◆ **WORK TO COMPLETE**:
Write out all of the entries that follow, word for word, but skip the pictures.

[Excerpts from a dataset]
★ ★ ★

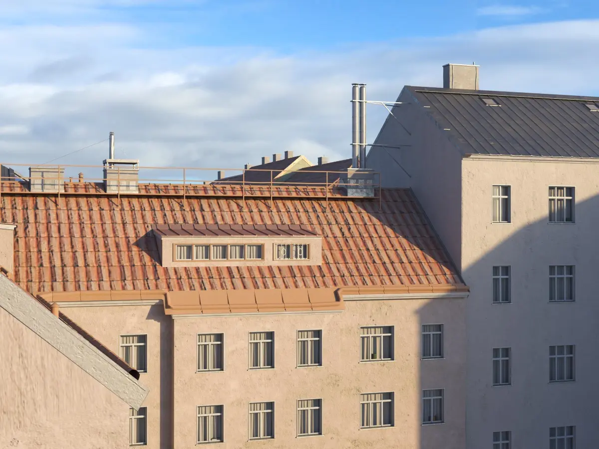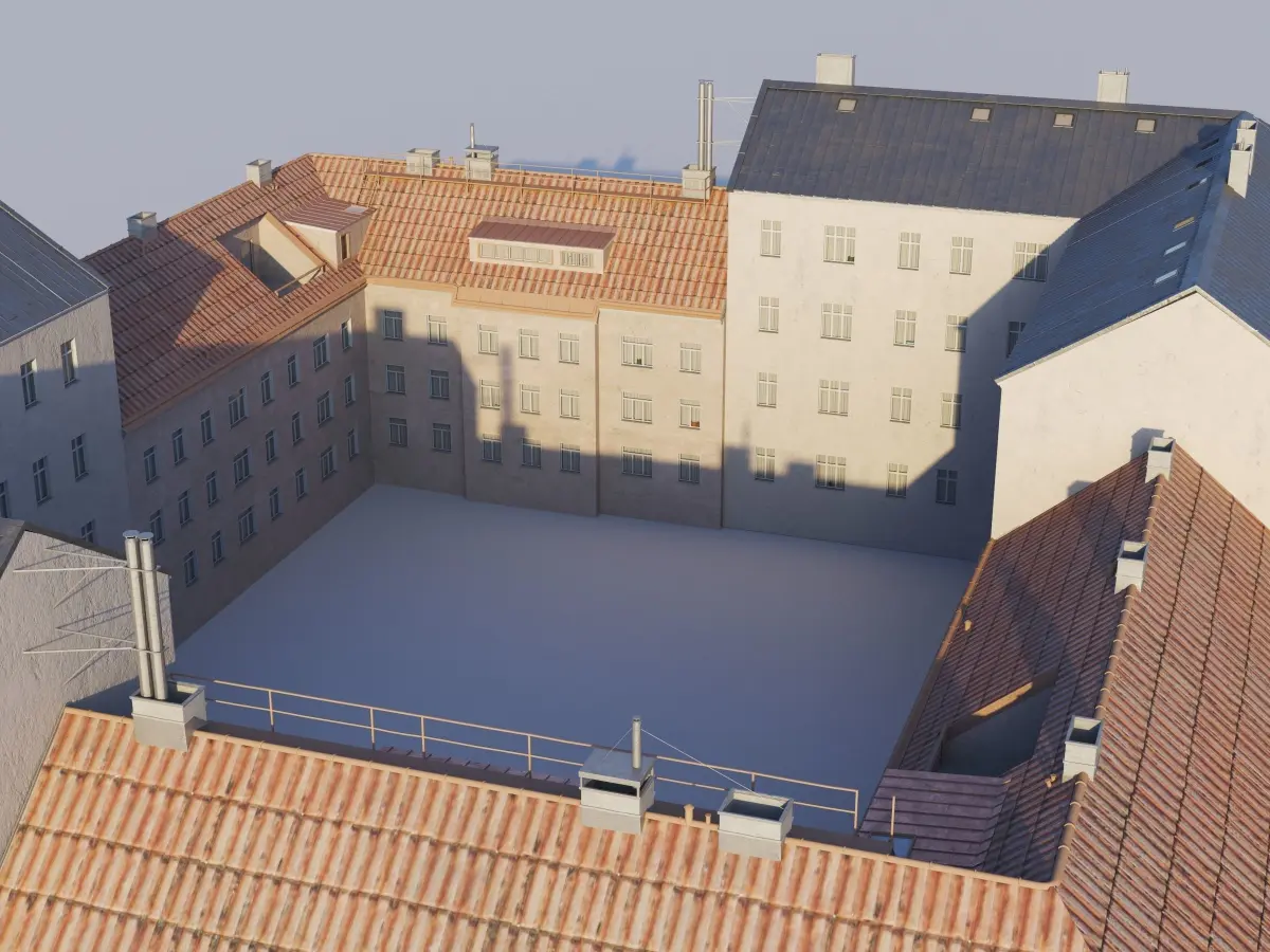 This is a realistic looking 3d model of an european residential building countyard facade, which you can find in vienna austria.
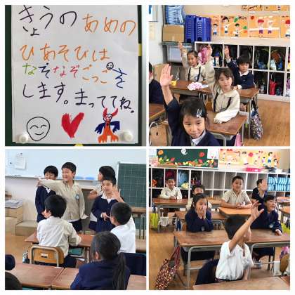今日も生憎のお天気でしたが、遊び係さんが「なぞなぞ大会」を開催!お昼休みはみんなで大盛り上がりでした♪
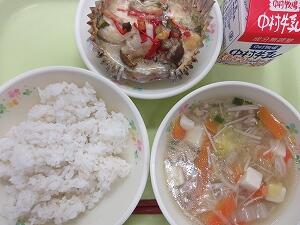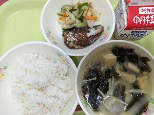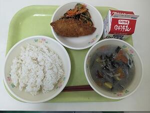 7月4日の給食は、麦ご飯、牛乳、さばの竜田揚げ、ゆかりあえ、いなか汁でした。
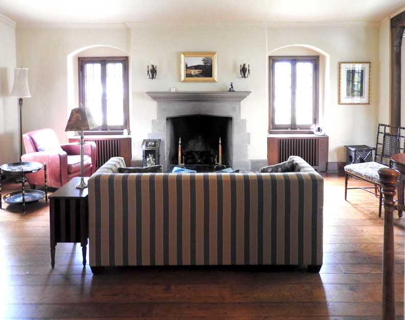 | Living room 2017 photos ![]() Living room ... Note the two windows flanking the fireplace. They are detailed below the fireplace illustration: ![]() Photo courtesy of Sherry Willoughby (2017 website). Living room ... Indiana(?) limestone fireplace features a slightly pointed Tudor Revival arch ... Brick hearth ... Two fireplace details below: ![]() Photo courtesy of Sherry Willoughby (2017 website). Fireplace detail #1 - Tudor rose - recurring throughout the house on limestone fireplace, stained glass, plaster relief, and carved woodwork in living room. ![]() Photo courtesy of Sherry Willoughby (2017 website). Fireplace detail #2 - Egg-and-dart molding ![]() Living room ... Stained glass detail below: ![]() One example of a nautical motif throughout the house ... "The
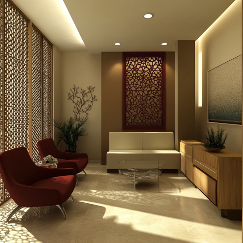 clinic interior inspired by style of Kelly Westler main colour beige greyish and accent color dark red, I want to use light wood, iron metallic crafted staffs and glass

★ ★ ★

◆ **PROBLEM SOLUTION**:
 This is a realistic looking 3d model of an european residential building countyard facade, which you can find in vienna austria.
今日も生憎のお天気でしたが、遊び係さんが「なぞなぞ大会」を開催!お昼休みはみんなで大盛り上がりでした♪
 7月4日の給食は、麦ご飯、牛乳、さばの竜田揚げ、ゆかりあえ、いなか汁でした。
 | Living room 2017 photos ![]() Living room ... Note the two windows flanking the fireplace. They are detailed below the fireplace illustration: ![]() Photo courtesy of Sherry Willoughby (2017 website). Living room ... Indiana(?) limestone fireplace features a slightly pointed Tudor Revival arch ... Brick hearth ... Two fireplace details below: ![]() Photo courtesy of Sherry Willoughby (2017 website). Fireplace detail #1 - Tudor rose - recurring throughout the house on limestone fireplace, stained glass, plaster relief, and carved woodwork in living room. ![]() Photo courtesy of Sherry Willoughby (2017 website). Fireplace detail #2 - Egg-and-dart molding ![]() Living room ... Stained glass detail below: ![]() One example of a nautical motif throughout the house ... "The
 clinic interior inspired by style of Kelly Westler main colour beige greyish and accent color dark red, I want to use light wood, iron metallic crafted staffs and glass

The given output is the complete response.